Hastayım, bu PKK haberlerine!
PKK terör örgütünün yönetiminde bir değişiklik oldu. Bizim basın günlerdir bunu tartışıyor...
İlk gün genel olarak şu başlık atıldı: "PKK'nın yönetiminde çözüm süreci değişikliği."
Haberlerin içi boş olsa da başlıklardan PKK'nın "çözümü kolaylaştıracak" bir adım attığı "daha barışçı" isimleri yönetime getirdiği anlamı çıkıyordu.
Öyle ise "şahinler" gitmiş, yerlerine "güvercinler" gelmiş olmalıydı.
Tabi bir terör örgütünün içinde yer alan "güvercinlerden" söz edilebilirse!

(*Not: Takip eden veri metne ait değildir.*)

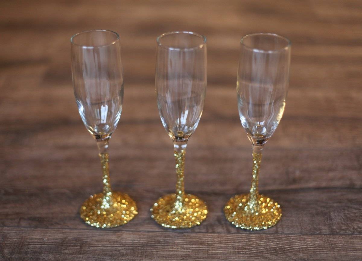 Существует более простая вариация позолоченных бокалов. Достаточно клеем-карандашом нарисовать надпись или узор по стеклу, посыпав сверху блестками. Остатки стряхивают на газету, оставляют полностью высохнуть.
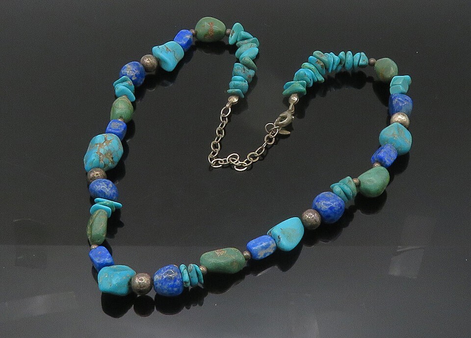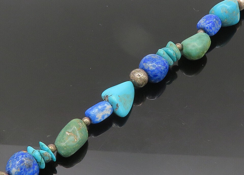 SOUTHWESTERN 925 Silver Vintage Turquoise & Lapis Lazuli Necklace NE3546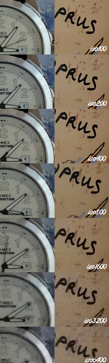 Как видно из тестовых снимков, значения ISO до 800 включительно являются полностью рабочими, при ISO1600 шумы становятся ощутимыми, а при значениях ISO3200 и выше шумы вносят существенные искажения в получаемые изображения.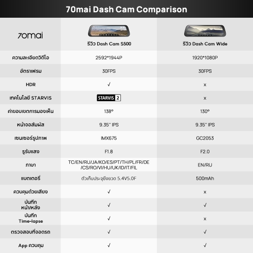 -กล้องติดรถยนต์ 70mai รุ่น S500 design ทรงกระจก และกล้องหลัง RC13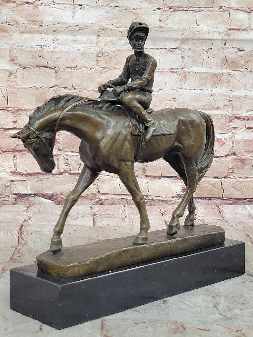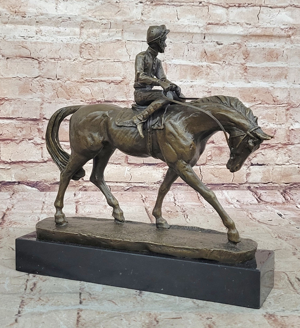 The horse, a magnificent and muscular creature, stands as a testament to the artist's attention to detail and skill. Its powerful presence and beauty are expertly rendered in bronze. This sculpture is a true masterpiece that will undoubtedly resonate with horse lovers and enthusiasts, as it beautifully conveys the unique connection between a jockey and their equine partner.
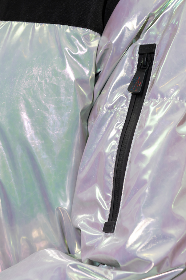 Silver-tone ‘Rennaz’ ski jacket with holographic effect from Moncler Grenoble. Fastened with a two-way zip, this breathable, water- and windproof garment features a logo patch, detachable hood with fleece and stand collar with snaps and velcro, two pockets with waterproof zips, long sleeves with ribbed cuffs with velcro fastenings and thumb holes and drawstring hem with snap-fastened ribbed lining.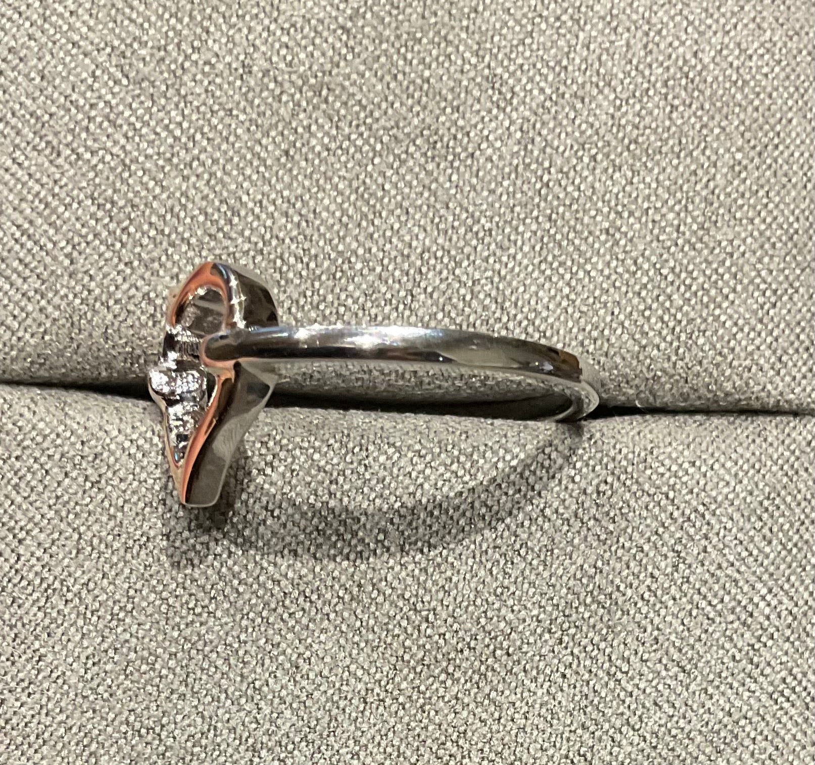 This is a lovely ring, with a simple, elegant design. It features an open sterling silver heart with a rose gold finish to the upper surface. The heart measures 1.1cm across and 1.1cm high. The inner band has the expected Clogau stamps and hallmarks. This ring hasn’t been worn before but does have some light surface scratches that are visible on close inspection (only really through a loupe). This ring comes in a Clogau box with Clogau cleaning cloth.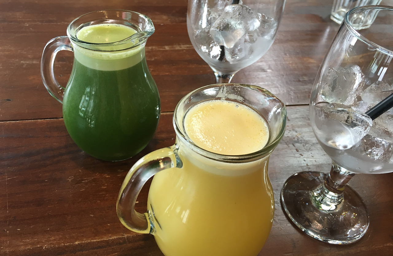 두런두런 얘기하며 걸어내려오니 여행이 고단함이 발끝부터 전해져온다. 발도 다리도 점점 무거워진다. 어딘가에서 차를 한잔 할까 하고 둘러보다가 멋스럽고 큰 곳들이 많아 자꾸 지나친다. 맘속으로는 가려던 곳이 있었다. 올라오던 길에 만난 노가리슈퍼 옆에 작은 카페가 떠올랐다. 우리의 마지막 발길이 비로소 휴식한다. 카페는 아주 작았는데 카운터 앞에 싱싱한 과일이 가지런히 진열돼 있었다. 냉장고에 들어 있는 과일이 아니라는 게 더 신선해보였다. 메뉴판을 보니 쥬스 조합이 신기했다.
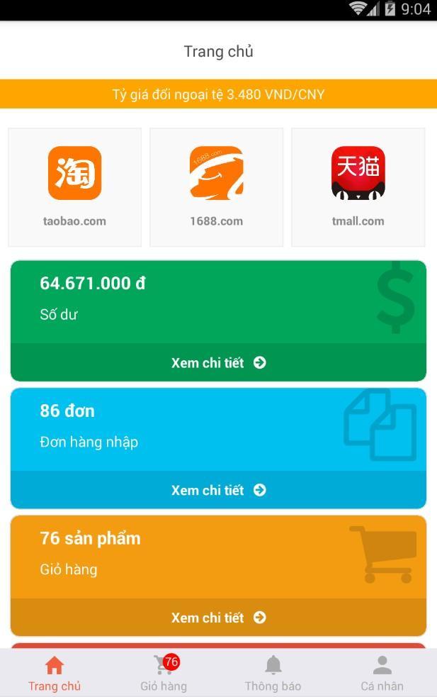 Ứng dụng nhập hàng trung quốc từ các website thương mại điện tử hàng đầu Trung Quốc, bao gồm: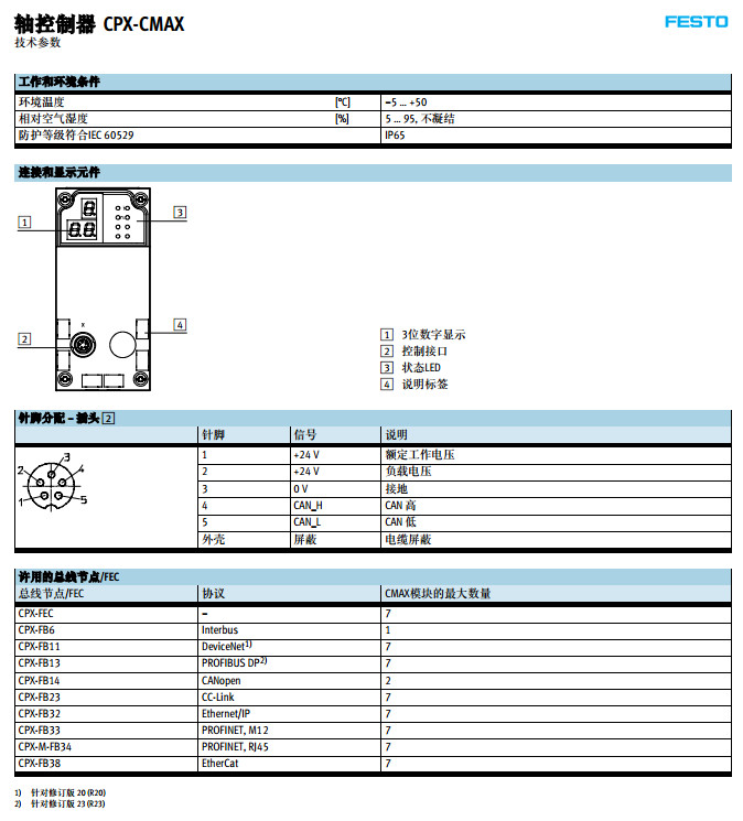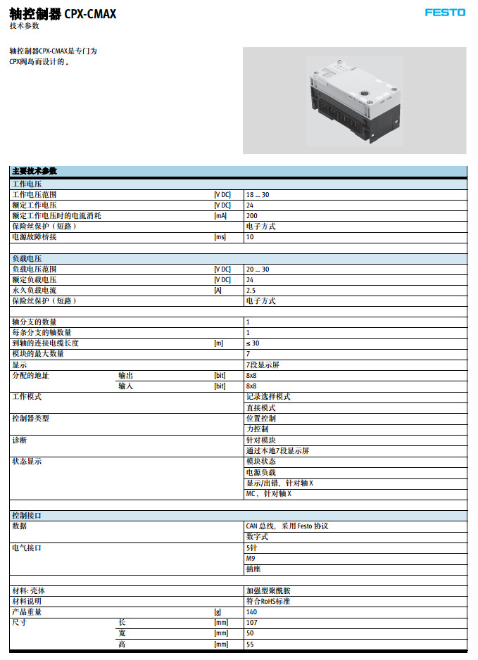 詳細信息 CPX-CMAX-CI-I,festo軸控制器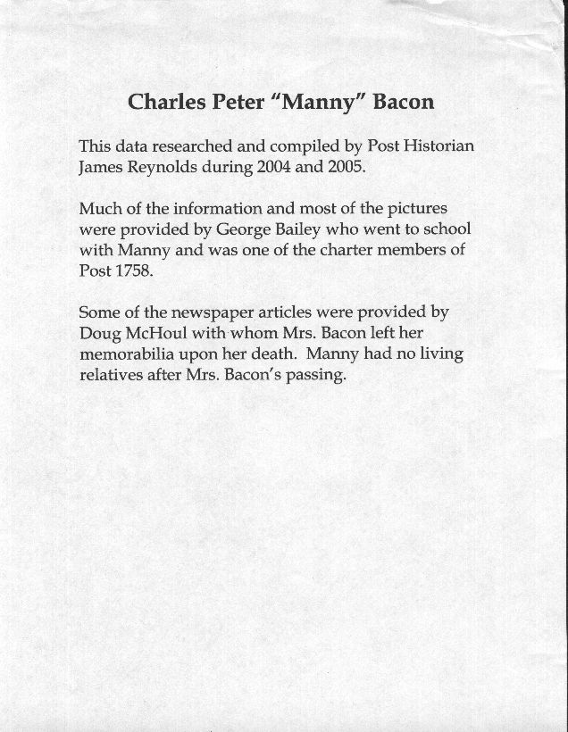 Thanks to George Bailey (charter member and Past Commander) and Doug McHoul whom Manny's Mother entrusted with memento's of Manny.

Oysa, bizim basın yıllardır giden Murat Karayılan'ın "Barış yanlısı" olduğundan bahsediyordu. Örgütün başına yeni geçen Cemil Bayık için de genellikle örgütün "şahinler" kanadını temsil ettiği yorumları yapılıyordu.
İlginçtir... "Barışçı bir adam" diye topluma yutturulmaya çalışılan Murat Karayılan, HPG'nin başına geçti. Yani, örgütün "silahlı kanadının" komutanı oldu. Bir günde güvercin tüylerini döküp, şahin tüyleri ile donandı. "Şahin" denilen Cemil Bayık da tür değiştirip güvencin oluverdi.
İşte bizim basındaki sözde "PKK uzmanlarının" bilgileri, olaylara bakışları ve inandırıcılıkları bu kadar!
Şimdi de Cemil Bayık için "İran yanlısıymış, Suriye'den besleniyormuş" gibi yorumlar yapmaya başladılar.
Gerçeğe gelince...
Yok aslında birbirlerinden farkları. Her ikisi de PKK'lı, her ikisi de terörist. Her iki isim de aynı yolun yolcusu. Al Karayılan'ı, vur Bayık'a!
Peki bu görev değişikliği neden yapıldı?
Çünkü, örgütün tüzüğü öyle gerektiriyor.
İki yılda bir görev değişimi yapılmasını öngörüyor. Karayılan'ın görev süresi daha önce bir yıl uzatılmıştı. Uzatma süresi doldu ve görevini başka bir isme devretti.
Ardından da terör örgütünün bel kemiği olan silahlı grupların başına geçti.
Bizim anlı şanlı "PKK uzmanlarımız" da bir defa daha şişmiş oldu!
* * *
Dün gazetelerde bir haber vardı...
Abdullah Öcalan'ın BDP Genel Başkanı Selahattin Demirtaş'a söylediği iddia edilen şu sözlere yer veriliyordu:
"Sürecin merkezinde ben varım.
Çağrıyı ben yaptım. Bu süreç selamete ulaşmadan benim burada çat diye kalbim durursa, süreç ne olacak? Bu soruyu soruyorum bazen kendime.
Dolayısıyla sağlığımla ilgili dile getirdiğim şeyler benim kişisel kaygım değil."
Bakın, Öcalan bu ülkeyi ne kadar da çok düşünüyormuş! Ya O'na bir şey olursa?
Sahi ne olacak?
Eyvah ki ne eyvah! Düşünülmesi bile korkunç! Yandı gülüm keten helva! Hep birlikte perişan oluruz vesselam!
O zaman ne yapmak lazım?
Abdullah Öcalan'ı hemen İmralı'dan çıkartmak, serbest bırakmak lazım! Yetmez, yanına bir de koruma ve doktor ordusu vermek gerekli! İşte verilmek istenen mesaj ve geldiğimiz nokta bu. Yakında bizim "PKK uzmanları" da "Çok doğru" diye üzerine atlarlarsa, hiç şaşırmayın.
Yakında "Öcalan'ın kalbi çok önemli" diye yazılar yazabilirler.
"Çat diye durursa ülkenin nasıl bir kaos içine gireceğine" dair yorumlar yapabilirler.
Hatta, "Örgüt demek Öcalan demek" diyerek, bugün çok önemsedikleri, iki cümle almak için Kandil'e koştukları Karayılan ve Bayık gibi isimleri de sıfıra indirgeyebilirler.
Çünkü bunlar PKK uzmanı!..
İşlerini de gerçekten çok, çoook iyi biliyorlar!
* * *
Reyhan Gazel'in "Hiç Yolcusu" isimli kitabı çıktı.
Ebabil Yayınları'nın yayınladığı kitapta yazar "Gün bu gündür ey dost" dedikten sonra soruyor:
"Hiç olmaya var mısın?"
Felsefeye ilgi duyanların zevkle okuyacakları bir kitap!